Ramp 的 FDE 最貼近營收。團隊參與客戶的完整生命週期:從銷售漏斗中的潛在客戶、到導入和上線、再到長期支援。Ramp 不讓一個 FDE 只綁死一個客戶,而是讓 FDE 同時覆蓋多個帳號。這有兩個用意:避免客戶對個人產生依賴,也迫使 FDE 思考「時間花在哪裡對整個業務最有效」。Ramp 目前處理超過 500 億美元的年化支出,服務超過 50,000 家企業,FDE 的存在直接影響企業客戶的續約率和擴展。

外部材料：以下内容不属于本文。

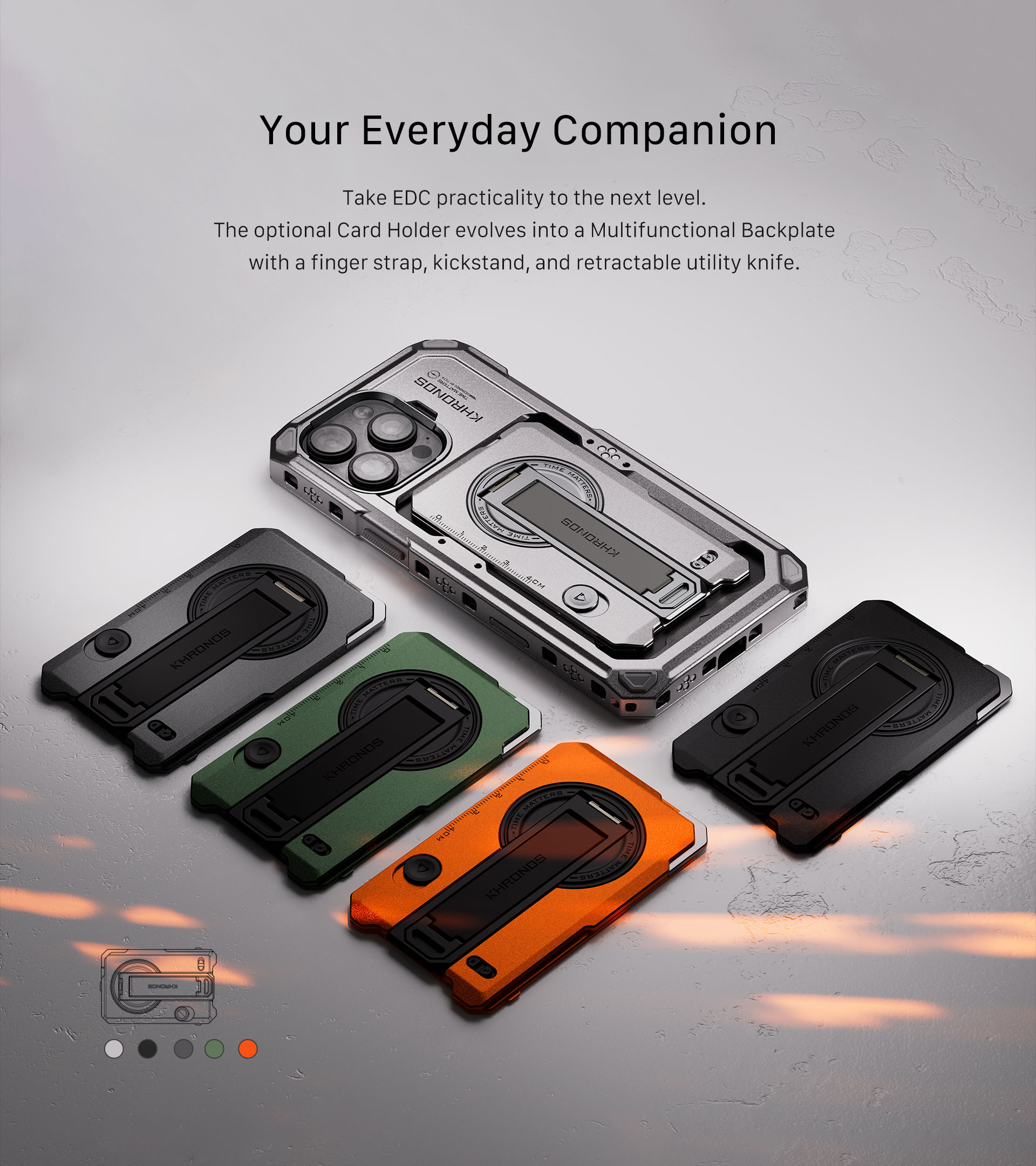 Dostupna u svemirsko sivoj, titanijsko bijeloj, šumsko zelenoj, crnoj i narančastoj boji, Khronos maskica nadopunjuje dizajn vašeg iPhonea i istovremeno dodaje dašak stila.

OpenAI 的 FDE 最靠近研究。這個團隊橫跨 Go-To-Market、Product、Research 三個部門,不只是解決客戶問題,而是從客戶的困難任務中找出可重複的產品機會和模型改進方向。Colin Jarvis 帶領的 FDE 組織坐落在產品、工程、研究和市場進入策略的交叉點。OpenAI 在紐約和舊金山都設有 FDE 據點,要求最高 50% 的差旅時間。
Nominal 談的是失敗教訓。他們曾經歷過一段「黑暗時期」:現場團隊覺得既有產品解不了客戶的問題,開始自己開發客製方案,結果產品團隊和現場團隊之間出現裂痕,等於內部長出了「另一支隊伍」。後來的做法是縮短兩個團隊之間的距離,讓人員可以互相流動,現場學到的東西盡快回饋到產品。
Dataland 的觀點稍微不同:重點不在「這項工作是不是客製」,而在「它能不能產生持續性價值」。企業現場本來就亂,不可能每個案子一開始就走標準化路徑。但如果每個案子都能降低下一個案子的初始成本、提高導入的可複製性,那它就有軟體等級的規模經濟。
AI 把 FDE 的工作往上推
座談會的共識是:AI 沒有消滅 FDE 的需求,反而把工作的抽象層級抬高了。
以前,FDE 花大量時間做管線銜接(plumbing)和膠水程式碼(glue code),把多個 AI Agent、評估框架、SDK 手動串在一起。現在程式碼生成模型和通用基礎設施變強了,這些苦工可以快速解決。空出來的時間讓 FDE 進入更高層的業務問題——半導體設計的流程優化、文件自動生成、語音客服的品質管控。
工作的本質從「把處理串起來」變成「定義該解什麼問題」。AI 提升了生產力和能力,但取代不了判斷力。模型和開發工具越強,反而越需要有人在客戶現場判斷什麼才是真正重要的。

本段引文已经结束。